По дороге к себе и еще очень долго у себя дома я перебирал в уме то, чего я наслушался у сестры Шестова. Конечно, ее суждения о брате были предвзятыми. Очевидно, это общая черта всей семьи. Однако же в одном надо было согласиться с Фаней Исааковной, а это была, по всей вероятности, настоящая подоплека несуразной пляски ее чувств: если Лев Шестов — загадка, если увидеть его в полусвете современных сумерек, то соизмерим он лишь с загадками мировыми. Я перебирал и сравнивал отзывы, доходившие до меня в неожиданном виде от людей, хорошо знавших Шестова, начиная с Григория Ительсона и кончая Ивановым-Разумником, Бердяевым, Ремизовым и Ольгой Форш. Ольга Дмитриевна обрушилась однажды с полувосточной страстностью своей на мелочность Льва Исааковича: «Подумать только, и это называется великий мыслитель, великий печальник рода человеческого!» Она не могла простить ему бессердечности, якобы проявленной Шестовым к ее сыну Диме. «В киевские годы мы таких называли „рыцарями Денежки“, а теперь, в эмиграции, он превратился в истинно русского „сантимника“». Я не сомневался, что тогда, в 1922 году, Ольга Форш искренно была разочарована в Шестове и что именно поэтому она, может быть, так страстно была придирчива. Возможно, что и обида родной сестры Шестова, сводившей счеты с братом, основана на той же почве и отождествляется с обидой четы Ремизовых? Не кроется ли во всем этом нечто антимужское? «Ага! — продолжал я рассуждать с самим собой. — Провел вечер в кулуарах Фрейда и сразу заразился фрейдианством!» Но тут меня осенило… Я нашел ключ, который впоследствии всегда оставался у меня под рукой.
Я думал, что не случайно две женщины так глубоко задеты действительными или воображаемыми слабостями Льва Шестова. И подкладка тут, пожалуй, женская. Конечно, это только подтверждает особое чутье, особую женскую восприимчивость по отношению к целостности человеческой личности. Совершенство для женщин не только идеал, но и реальное восприятие того, что могло бы осуществиться. Они, женщины, больше в потенции, чем в действии и действительности. Вот почему им так трудно примириться с проявлением неопределенного несовершенства. Для Разумника Васильевича Шестов — законный владелец почетного места в книжном шкафу, интересный экспонат на всемирной выставке русской литературы, а в каком переплете, в каком сплетении человеческих черт он подан потомству, — вопрос неинтересный и почти неуместный. Так же точно и для Бердяева все «человеческое, слишком человеческое»[752]

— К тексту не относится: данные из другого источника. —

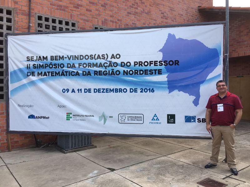 O docente do UNICERP Prof. Me. Sérgio Augusto Amaral Lopes esteve presente no 2º Simpósio da Formação do Professor de Matemática da Região Nordeste. O evento foi promovido pela SBM (Sociedade Brasileira de Matemática) e ANPMAT (Associação Nacional dos Professores de Matemática), entre outras instituições acadêmicas. O encontro aconteceu de 9 a 11 de dezembro de 2016 no Instituto Federal do Piauí, em Floriano/PI.

остается в «русском Ницше» за изгородью кладбища идей; на нем, на кладбище этом, останется надгробный камень с им, Бердяевым, сочиненной эпитафией. Чего же больше? Иное дело родная сестра; иное дело Ольга Форш, которая, чувствуя тягу к кому-либо в особенности, не задумывалась признаться вслух в своей «братской любви». Шестова Ольга Форш когда-то, как-то по-своему очень любила. И его неприятие на скошенных полях разочарования, естественно, торчит острым укором: сколько было раньше теплоты и восторженного признания, столько градусов жгучего колючего мороза осталось после разочарования в отвергнутом идеале. Из всего этого как будто следует, что, по существу, на Шестова невозможно было не возлагать какие-то необыкновенные надежды, что в сути его было нечто сродни, ну скажем, к примеру, — Блоку, который кончил, и так рано кончил, отчаянием и разочарованием в самом себе.Шестов и Блок — какое неожиданное сопоставление, — продолжал я спорить с собою уже после того, как выключил свет, — не годится это: ни как сопоставление, ни как противопоставление. Разве что обоих включить в исключительно широкую картину человеческих судеб, в свете красок которой нет ни эллина, ни иудея. И не в том ли дело, что Шестов не пародия, а анахронизм? Эта еще не совсем ясная для меня формула усыпила меня, как снотворное.